Although VEGF appears to be of paramount importance for the angiogenic process in PDAC, these cancers express many other pro-angiogenic factors (Table I). As in the case of VEGF, some of these growth factors activate tyrosine kinase receptors that are expressed in endothelial cells within the pancreatic tumor mass, such as EGFR [17]. The importance of tyrosine kinase receptors other than VEGFR in pancreatic cancer angiogenesis is underscored by recent observations that inhibition of EGFR tyrosine kinase activity suppresses pancreatic tumor angiogenesis [42], and that NK4, an antagonist that is composed of the N-terminal hairpin and subsequent four-kringle domains of HGF, is a competitive antagonist for HGF that potently inhibits angiogenesis in tumors formed by SUIT-2 pancreatic cancer cells [110].
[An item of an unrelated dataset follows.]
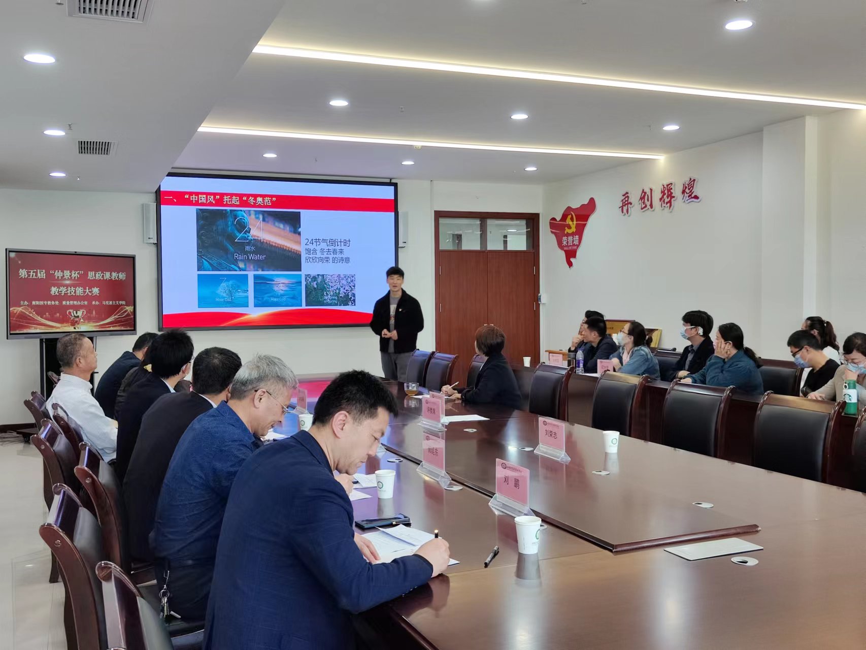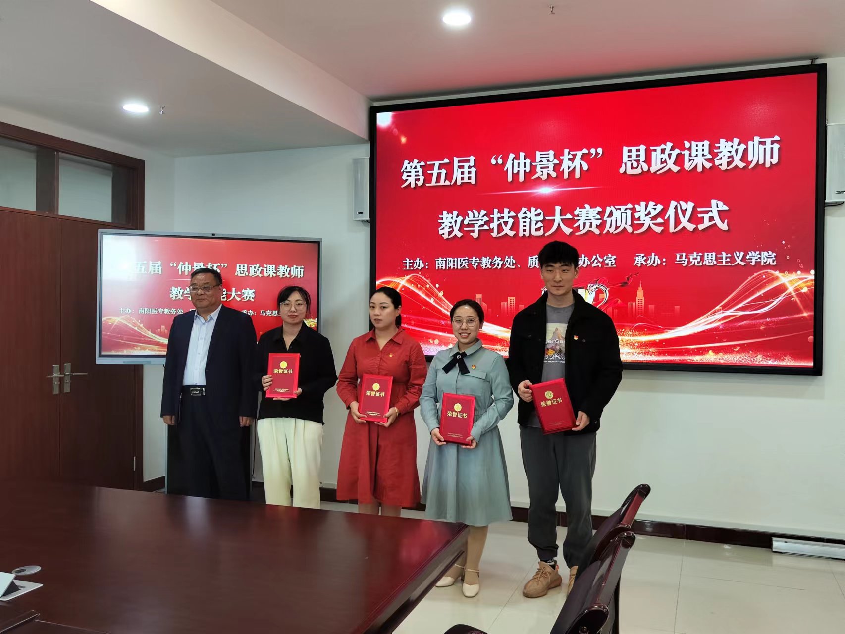 本网讯(文/马克思主义学院 卢孟)为深入学习贯彻习近平总书记在学校思想政治理论课教师座谈会上的重要讲话精神和“大思政课”重要指示精神,按照《关于开展全省学校思想政治理论课教学技能“大练兵、大比武、大展示”活动的实施意见》(豫高发〔2021〕141号)的要求,2022年4月20日下午,由教务处、质量管理办公室主办,马克思主义学院承办的南阳医专第五届“仲景杯”思政课教师教学技能大赛决赛在仲景文化中心隆重举行,校党委副书记逵应坤、教务处处长、质量管理办公室主任、党委组织部部长、宣传部部长等领导出席。特聘请南阳师范学院马克思主义学院院长靳安广教授、南阳理工学院马克思主义学院院长姜金林教授等专家担任大赛评委。全校思政课专兼职教师全员参加观摩学习。

Other pro-angiogenic factors that are overexpressed in PDAC include certain chemokines such as Mip3α and interleukin-8 (IL-8), which activate G-protein coupled receptors [111-113]. By contrast, TGF-βs activate serine-threonine kinase receptors [114]. The importance of TGF-βs are pro-angiogenic factors in PDAC is underscored by the recent observation that expression of a soluble TβRII in pancreatic cancer cells interferes with TGF-β actions, attenuates tumor growth and metastasis, and suppresses tumor angiogenesis [Rowland-Goldsmith, 2001 #905; Rowland-Goldsmith MA, 2002 #2548].
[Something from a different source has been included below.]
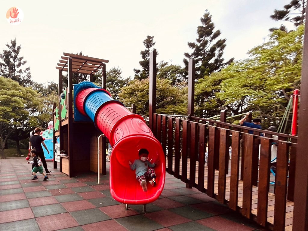 在滾輪區的前方步行3分鐘也有健身區和傳統遊具場

Often, there is evidence for cross-talk between the various angiogenic factors. For example, TGF-β1 and plasminogen activator inhibitor-1 (PAI-1) are overexpressed in PDAC [117,118], TGF-β1 induces PAI-1 expression in pancreatic cancer cells [119], and both TGF-β1 and PAI-1 and can promote angiogenesis in vivo [120-122]. TGF-βs are initially released as latent molecules that form complexes with latent binding protein (LTBP), and their biological effectiveness is dependent on their activation by such proteins as plasmin, uPA and its receptor, the insulin-like growth factor II (IGF-2) receptor, and tissue transglutaminase [123,124]. The IGF-2 receptor, as well as uPA and its receptor are overexpressed in PDAC [125,126], and pancreatic cancer cell lines express tissue transglutaminase [127]. Furthermore, uPA and its receptor, as well as tissue transglutaminase, have been implicated in the angiogenic process [128,129], and the angiogenic potential of TGF-βs may be enhanced by the presence of Smad4 mutations [130], which are frequent in PDAC. uPA can transctivate EGFR [131], and EGFR activation can induce the expression of VEGF and the pro-angiogenic chemokine interleukin-8 [132,133]. Taken together, these observations suggest that multiple pathways interact to enhance angiogenesis in PDAC.
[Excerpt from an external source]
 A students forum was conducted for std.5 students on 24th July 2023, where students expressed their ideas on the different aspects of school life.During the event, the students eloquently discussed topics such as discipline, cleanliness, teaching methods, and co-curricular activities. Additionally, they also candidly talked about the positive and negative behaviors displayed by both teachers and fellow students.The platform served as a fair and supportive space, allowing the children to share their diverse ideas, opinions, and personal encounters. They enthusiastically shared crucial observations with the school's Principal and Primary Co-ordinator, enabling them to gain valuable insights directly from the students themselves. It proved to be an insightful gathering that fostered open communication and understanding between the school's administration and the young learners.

The pancreatic microenvironment may also serve to promote tumor angiogenesis [134]. In addition, as a consequence of the existence of a continuous intra-pancreatic portal circulation, pancreatic cancer cells may be exposed to high levels of islet cell derived hormones such as insulin and growth factors such as TGF-βs [135]. High insulin levels bind and activate the IGF-1 receptor, which can then promote angiogenesis [136,137]. Furthermore, islet cell derived TGF-βs may enhance matrix metalloprotease-9 (MMP-9) and VEGF expression in PDAC [31,138], and suppress PTEN expression [139]. MMP-9 enhances tumor angiogenesis [140] whereas PTEN, a phosphatase with specificity for 3-phosphorylated inositol phospholipids, has been implicated in the suppression of tumor angiogenesis [141].

Conclusion

PDAC is a biologically aggressive malignancy that has a propensity to spread locally and metastasize distally. While not grossly vascular, these cancers exhibit foci of micro-angiogenesis and overexpress multiple pro-angiogenic factors. VEGF and related ligands represent a crucial component of this pro-angiogenic switch, as evidenced by the presence of high levels of VEGF in ascitic fluid of PDAC patients [142], the correlation between high serum VEGF levels and disease recurrence post-operatively [143], and the observation that high VEGFR-2 levels are associated with a worse prognosis in this disease [144]. Therefore, mechanisms that target VEGF and the various pathways that enhance the angiogenic process in PDAC [145] may ultimately be of great therapeutic benefit in patients with unresectable disease as well as following surgery to prevent disease recurrence.